Well it is 3 ! See the pic below. Does it have to do with the witness host ? (VMWare Witness appliance 6.5)
We had a 2 node cluster before, with the 3rd physical host selected as witness but we destroyed it and i had to delete all the partitions and rebootet the esxi.
I cant find the hostlist file
[root@:/opt/vmware/fdm/fdm] ls -la
total 25380
drwxr-xr-x 1 root root 512 Aug 1 10:02 .
drwxr-xr-x 1 root root 512 Aug 1 10:02 ..
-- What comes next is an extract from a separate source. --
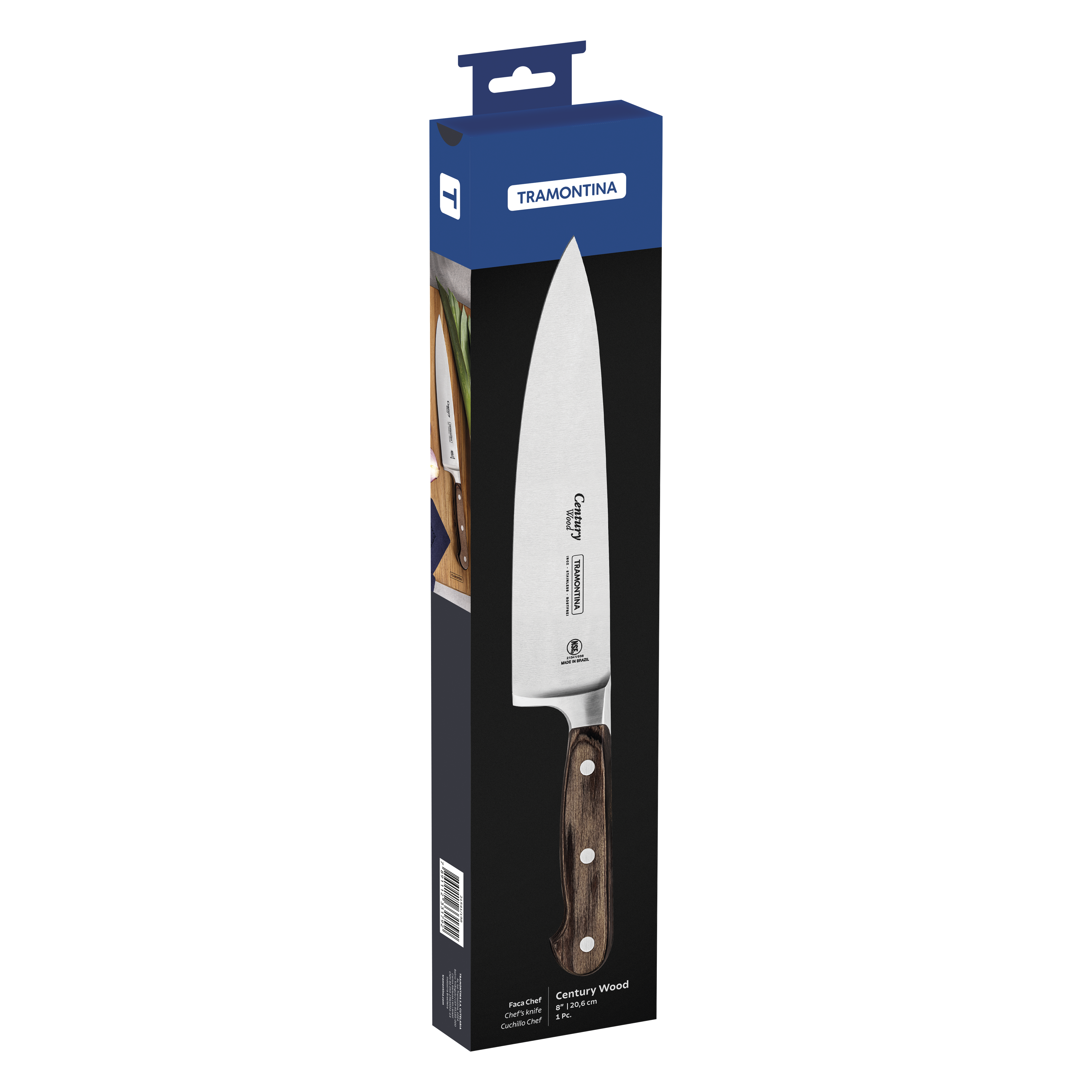 Con el cuchillo cocinero Tramontina Century Wood con hoja de acero inoxidable y mango de madera tratada castaño de 8 pulgadas tendrá en sus manos una verdadera obra maestra de la cocina.

-r-xr-xr-x 1 root root 22846120 Jul 7 14:47 fdm
-r-xr-xr-x 1 root root 649 Jul 7 14:50 fdm-dump.sh
-r--r--r-- 1 root root 2174892 Jul 7 14:50 libcrypto.so.1.0.2
-r--r--r-- 1 root root 398060 Jul 7 14:50 libssl.so.1.0.2
-r-xr-xr-x 1 root root 963 Jul 7 14:50 prettyPrint.sh
-r-xr-xr-x 1 root root 502488 Jul 7 14:47 readCompressed
-r-xr-xr-x 1 root root 40057 Jul 7 14:50 vpxResultFilter.xml
-r-xr-xr-x 1 root root 1544 Jul 7 14:50 xmlpp.py
I apologise, I gave you the wrong filepath:
/etc/opt/vmware/fdm/hostlist
is the correct location.
However, it does appear that the cluster is expecting 4 hosts as vSAN lists 4 hosts. This means your cluster is always one host down!
The cleanest way to get out of the scenario would be to create new cluster. Remove all the diskgroups from the hosts and add the hosts to the new cluster.
Next time you need to remove a Witness Host, ensure to disable the Stretched Cluster configuration first and remove the host cleanly.
Hello time,
You can identify 'who' it thinks are the 4 cluster members from any host using this (I populated it based on the sub-cluster membership UUIDs):
# cmmds-tool find -t HOSTNAME -f json -u 597f05ca-7472-cc68-de1c-a0369fd8e08c |grep content
# cmmds-tool find -t HOSTNAME -f json -u 597f1c09-d372-daff-b609-a0369fcc4db4 |grep content
# cmmds-tool find -t HOSTNAME -f json -u 597f23c4-8c11-3784-1cc7-a0369fcc5184 |grep content
# cmmds-tool find -t HOSTNAME -f json -u 59805405-6568-a8c0-5277-000c299d2d36 |grep content
Once you have identified the member who should not be present, try removing it from the cluster. If the member is the Witness that is already gone then it seems it was not decommissioned properly, in this case (if removal of it is not possible) creating a new cluster and adding nodes to it is the best option. How simple this will be depends on if you have data on here and/or can move it all off/backup-restore.
Bob
Thanks guys.
Re-Created it with 3 hosts in 1 fault domain without witness. its showing 3 now and the error is gone.